Quantum algebra approach to univariate and multivariate rational functions of $q$-Racah type (2507.13483v1)

Abstract: In this paper, we study rational functions of $q$-Racah type and a multivariate extension, using representation theory of $\mathcal U_q(\mathfrak{sl}2)$. Eigenfunctions of twisted primitive elements in $\mathcal U_q(\mathfrak{su}_2)$ can be expressed in terms of $q^{-1}$-Krawtchouk polynomials. Using this, we show that overlap coefficients of solutions of a generalized eigenvalue problem (GEVP) and an eigenvalue problem (EVP) can be expressed in terms of a rational function of $_4\varphi_3$-type. With help of the quantum algebra, we derive (bi)orthogonality relations as well as a GEVP for these functions.
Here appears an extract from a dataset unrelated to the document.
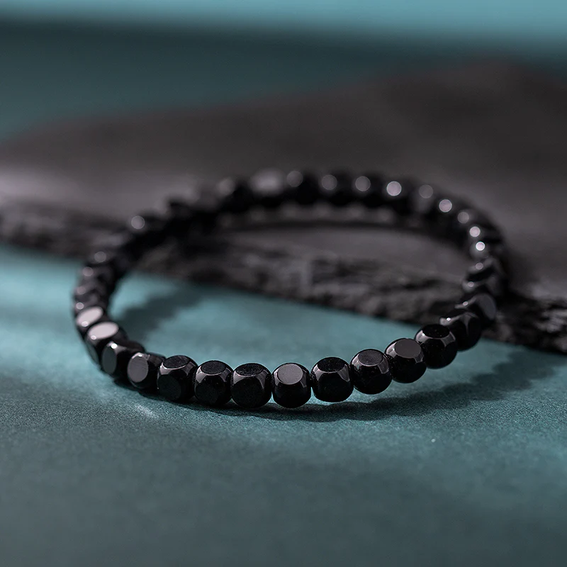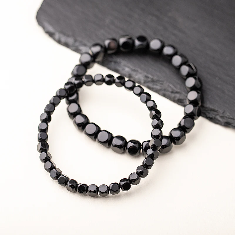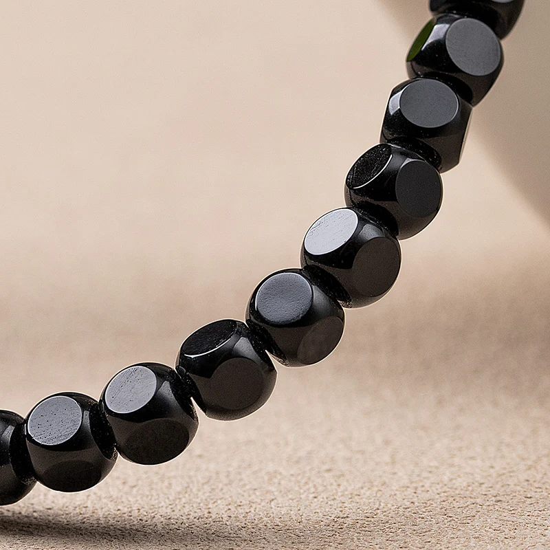 Our Natural Black Agate Bracelet features finely crafted straight-cut hexagonal beads. Designed as a unisex couple bracelet, it exudes a bold, stylish charm suitable for both men and women.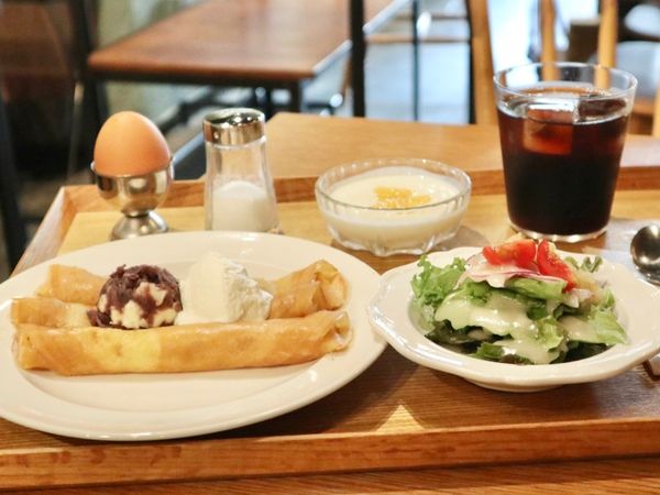 あんバタースコーンサンドもしくはあんバタークレープ、サラダ、ヨーグルト、ゆで卵、コーヒー(ホットもしくはアイス)を880円で楽しむことができます。

Furthermore, using this new algebraic interpretation, we can exploit the co-algebra structure of $\mathcal U_q(\mathfrak{sl}_2)$ to find a multivariate extension of these rational functions and derive biorthogonality relations and GEVPs for the multivariate functions. Then we repeat this procedure for the non-compact quantum algebra $\mathcal U_q(\mathfrak{su}{1,1})$, where the $q^{-1}$-Al-Salam--Chihara polynomials play the role of the $q^{-1}$-Krawtchouk polynomials. As an application of the multivariate rational functions, we show that they appear as duality functions for certain interacting particle systems.